Apple has been selling thousands of iPads to grade schools since its 2010 debut.
Now it plans to beef up the educational content available for the tablet so
teachers and students find those purchases worthwhile.
At an event in New
York today, Apple will announce a set of tools that make it easier to publish
interactive textbooks and other digital educational content, said two people
with knowledge of the announcement, who requested anonymity because they
weren't authorised to speak publicly.
"Apple will
raise a lot of awareness about digital textbooks and how education is going
digital," said Osman Rashid, whose company, Kno, develops e-textbook
software.
Apple's new
software is designed for a broad range of authors to be able to publish the
content in a digital format, similar to what Amazon.com does with its direct
publishing tools, said the people. Large publishers will be able to create
digital versions of textbooks, with embedded graphics and video.
Teaching tools
Apple also wants
to empower 'self-publishers' to create new kinds of teaching tools, said the
people. Teachers could use it to design materials for that week's lesson.
Scientists,
historians and other authors could publish professional-looking content without
a deal with a publisher. Apple is likely to promote a modified version of the
ePub standard, the format used by many e-book publishers, said the people
familiar with the company's plans. Natalie Kerris, a spokeswoman for Apple,
declined to comment.
Education is one
piece of how Apple's iPad became the fastest-selling consumer electronics
product in history. As of September, Apple had sold about 40 million iPads,
generating $25.3 billion in sales.
The device is now
Apple's second-best selling product, behind the iPhone and ahead of Mac
personal computers and iPod music players.
Education sales
force
While the event is
expected to aid iPad sales to educators, Gene Munster, an analyst at Piper
Jaffray, said the event won't have a material impact on the company's shares.

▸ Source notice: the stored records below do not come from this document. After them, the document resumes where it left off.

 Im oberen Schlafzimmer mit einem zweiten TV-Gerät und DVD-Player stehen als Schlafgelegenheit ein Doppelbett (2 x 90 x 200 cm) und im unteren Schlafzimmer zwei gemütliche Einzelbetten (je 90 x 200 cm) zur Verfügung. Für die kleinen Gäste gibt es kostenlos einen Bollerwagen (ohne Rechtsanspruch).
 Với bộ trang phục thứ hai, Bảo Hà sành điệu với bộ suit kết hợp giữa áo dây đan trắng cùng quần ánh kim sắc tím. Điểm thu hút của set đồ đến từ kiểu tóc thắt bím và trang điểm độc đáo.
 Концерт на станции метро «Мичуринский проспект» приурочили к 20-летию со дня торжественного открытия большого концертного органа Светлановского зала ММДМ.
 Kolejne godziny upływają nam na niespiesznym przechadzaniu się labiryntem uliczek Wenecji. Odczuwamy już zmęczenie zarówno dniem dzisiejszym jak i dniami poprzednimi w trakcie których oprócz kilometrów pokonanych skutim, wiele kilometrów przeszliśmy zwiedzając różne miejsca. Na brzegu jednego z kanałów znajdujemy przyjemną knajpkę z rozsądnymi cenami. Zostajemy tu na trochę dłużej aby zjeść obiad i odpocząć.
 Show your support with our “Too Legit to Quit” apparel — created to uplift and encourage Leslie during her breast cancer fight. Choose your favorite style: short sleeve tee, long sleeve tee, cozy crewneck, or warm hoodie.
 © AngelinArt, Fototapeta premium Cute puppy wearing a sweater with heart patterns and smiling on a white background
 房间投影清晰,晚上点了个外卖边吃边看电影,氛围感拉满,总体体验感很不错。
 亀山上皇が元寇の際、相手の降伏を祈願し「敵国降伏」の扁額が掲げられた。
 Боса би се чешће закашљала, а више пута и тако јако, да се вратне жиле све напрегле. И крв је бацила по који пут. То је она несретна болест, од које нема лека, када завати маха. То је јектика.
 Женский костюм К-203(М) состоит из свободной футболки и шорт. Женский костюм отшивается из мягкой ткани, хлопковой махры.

No new hardware products are expected to be unveiled.
Apple is building
upon a presence in education that was established when its earliest computers
won a following among students and schools in the 1980s. A dedicated piece of
the company's sales force reaches out to school districts and universities to
pitch Apple's products for the classroom.
In a sign of that
effort's success, New Jersey's Hasbrouck Heights School District bought 250
tablets last year for use in algebra classes. Nevada's Clark County School
District paid $687 per iPad in a trial programme so 1,150 Las Vegas middle- and
high- school students could use iPads loaded with the same algebra material,
made by publisher Houghton Mifflin Harcourt.
In some cases, the
price of the iPad - which starts at $499 - is keeping school districts from
making the purchases, said Bethlam
Forsa, the head of content and product development for Houghton.
"The price is
an issue," she said. "The key area of focus is to ensure there is
enough content out there to justify the price." Just after the iPad was
introduced, Forsa said the company committed to developing new educational
material.
Apple co-founder
Steve Jobs had focused on the textbook business before his death in October. He
told biographer Walter Isaacson that the industry was ripe for a digital
disruption because of the interactive capabilities made possible by the iPad.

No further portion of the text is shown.